▶ **THE TASK**
As you reproduce every line below, keep it exactly as written and leave out the images.

EXERCISE DATA below:

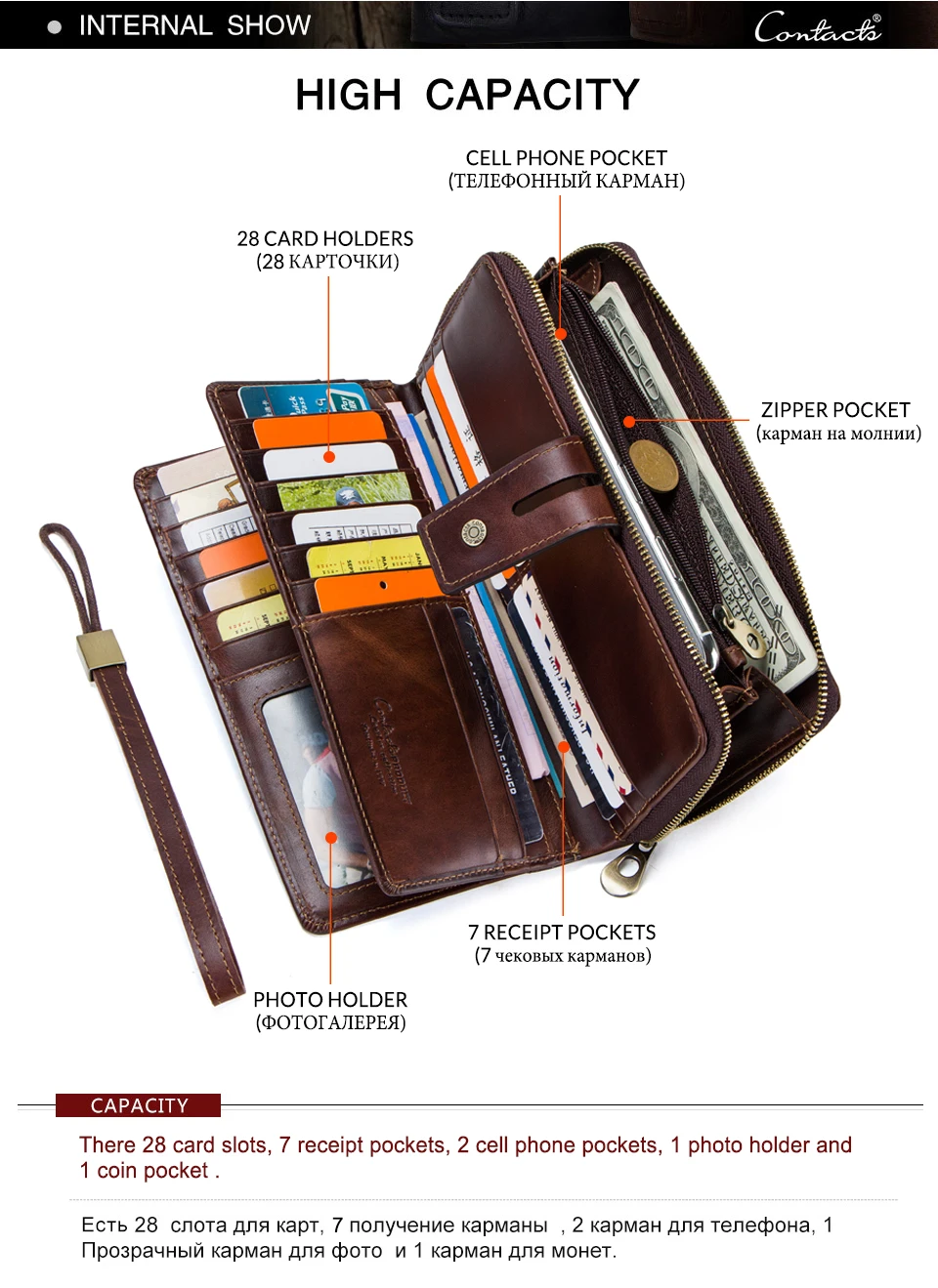 Capacity28 card slots,1 photo holder, 2 cellphone holder, 2 zipper pockets
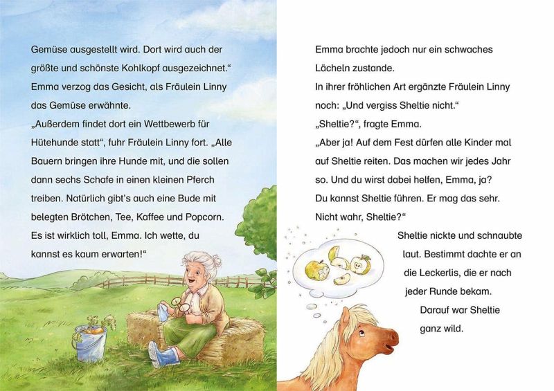 Sheltie ist ein entzückendes Pony, das sich auch durch seine Klugheit auszeichnet und sich vor allem mit Emma bestens versteht. Die Charaktere sind mir persönlich etwas zu oberflächlich geblieben, dennoch glaube ich, dass Kinder Emma lieben werden. Dagegen ist der Nachbar sehr unsympathisch dargestellt, so wie er Sheltie dauernd verdächtigt. Das wiederholt sich leider ein paar Mal, bevor der Diebstahl der Kohlköpfe aufgeklärt wird. Hier fehlt mir ein bisschen Pep in der Erzählung. Am Ende wird es jedoch wieder spannender.
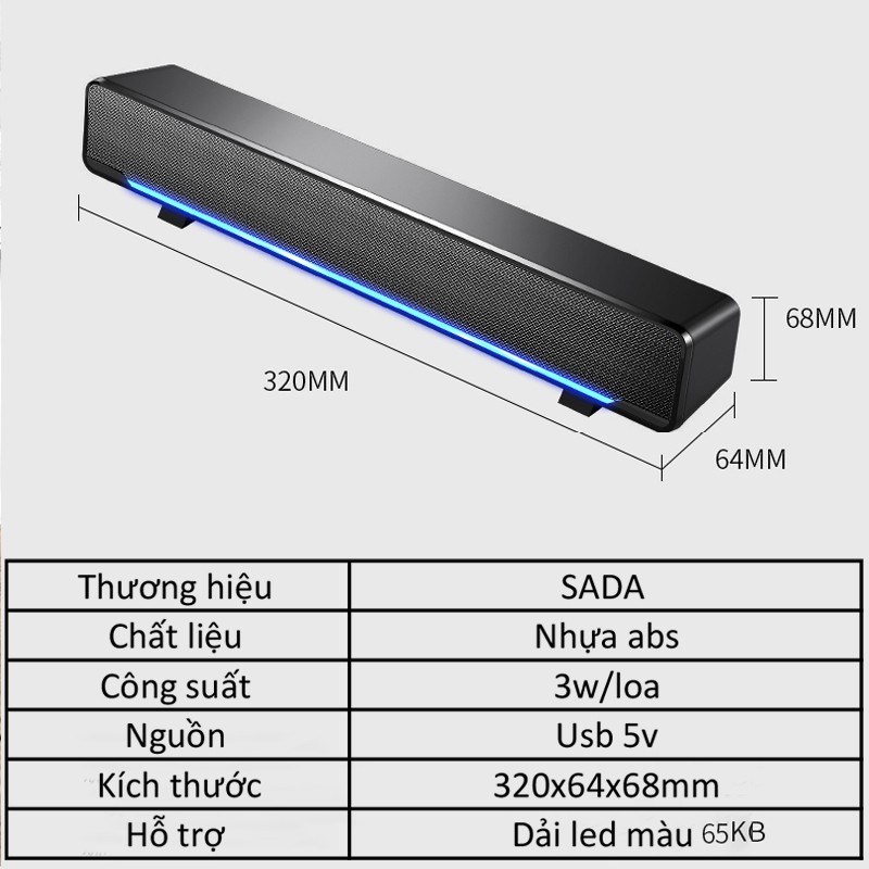 Giới thiệu Loa Thanh Soundbar, Vi Tính SADA V-196T-2020, Dải Led Màu Ấn Tượng, Âm Thanh Siêu Trầm - Loa Máy Tính PC, Tivi

End of EXERCISE DATA.

▶ **ANSWER FOR THIS EXERCISE**
 Capacity28 card slots,1 photo holder, 2 cellphone holder, 2 zipper pockets
 Sheltie ist ein entzückendes Pony, das sich auch durch seine Klugheit auszeichnet und sich vor allem mit Emma bestens versteht. Die Charaktere sind mir persönlich etwas zu oberflächlich geblieben, dennoch glaube ich, dass Kinder Emma lieben werden. Dagegen ist der Nachbar sehr unsympathisch dargestellt, so wie er Sheltie dauernd verdächtigt. Das wiederholt sich leider ein paar Mal, bevor der Diebstahl der Kohlköpfe aufgeklärt wird. Hier fehlt mir ein bisschen Pep in der Erzählung. Am Ende wird es jedoch wieder spannender.
 Giới thiệu Loa Thanh Soundbar, Vi Tính SADA V-196T-2020, Dải Led Màu Ấn Tượng, Âm Thanh Siêu Trầm - Loa Máy Tính PC, Tivi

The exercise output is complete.